Saturday, August 21, 2010
Innovation: Health Reform’s Last Great Hope for Reducing Costs and Improving Care
Despite passage of the Patient Protection and Affordable Care Act, there is still need for health reform that will slow the rate of growth of expenditures. Regardless of whether that reform involves a much larger role for government or is more market oriented, a shift in emphasis toward more value-oriented innovations is necessary and perhaps inevitable.
Victor Fuchs, PhD, “New Priorities for Future Biiomedical Innovations, “ NEJM, August 19, 2010
No matter how you slice the $2.5 trillion national health expenditure pie, innovation is the last great hope for reducing health costs, improving care, and saving lives.

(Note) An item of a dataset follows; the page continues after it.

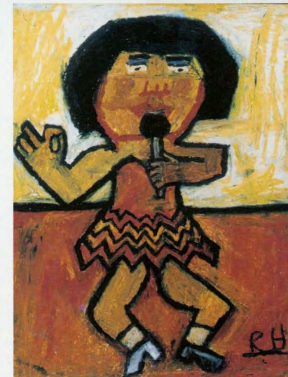
'Zonder Titel', Roel Heymans, Stichting Collectie De Stadshof

I k houd niet van het woord 'kunstenaar', God alleen bracht mij er toe dit te doen. Ik wist helemaal niet dat mensen dit wilden zien. Ik maakte het enkel voor mijn eigen plezier. Nek Chand

You see this hope expressed:
• in the reform act , which establishes a Center for Innovation for Medicare and Medicaid, and which proposes innovations which authorizes new innovative care and pay models to save money by rationalizing care;
• in the $852 billion stimulus bill, which threw $27 billion at electronic records, which will purportedly will pay back those billions;
• in the appointment of Doctor Donald Berwick, who 22 years ago founded the Health Improvement Institute, and in that position, prevented 122,300 “unnecessary deaths” by improving hospital safety;
• in efforts of private industry to introduce systematic changes and disruptive innovations to replace the old ways of doing things.
There’s a catch, of course. The catch is that innovations to date have usually increased costs while improving quality. If you doubt me, cast your eyes over this list of 10 innovations doctors voted as the most noteworthy over the last 2 decades.
1. MRI and CT scans
2. ACE inhibitors and angiotensin antagonists
3. Coronary stents
6. Coronary bypass surgery
7. Proton pump inhibitors and H2 blockers
9. Cataract extraction and lens implants
10. Hip and knee replacements
Or take the latest highly touted innovation- robot-assisted surgery. If robots were to replace conventional surgeries, it would cost the system $2.5 billion annually.
It can be argued these innovations relieve pain, restore function, and extend life, but is hard to make the case they decreased overall costs. Since 1977, federal cost expenditures have increased by 410%, and state, local, and private expenditures by 250% compared to about 155% for GDP expenditures.
The point is: key innovations almost never simultaneously increase quality while decreasing costs. Instead, new innovations invariably increase both quality and costs.
A compromise solution would be to introduce innovations that substantially decrease costs while holding quality constant.
Until this happens, the only answer to decreasing costs and decreasing their growth rate is paying hospitals and doctors less – the fundamental long term strategy embodied in the new health law.
In the end, America voters ,i.e., health consumers, patients - not politicians, Medicare officials, and health professionals - will resolve the quality/cost quandary. Voters who ultimately foot the bill will have to decide what constitutes “quality” – relief of pain, restoration of function, cure or amelioration of disease, access to doctors and procedures , and the importance of comparative outcomes, and whether government or market forces offer the best hope for resolution.
V. Fuchs, “New Priorities for Future Biomedical Innovations,: G.I, Barbash and S.A. Gleid, “New Technology and Health Care Costs – The Case of Robot-Assisted Surgery,” “Facing the Wild West of Health Care Reform,” NEJM, August 19, 2010.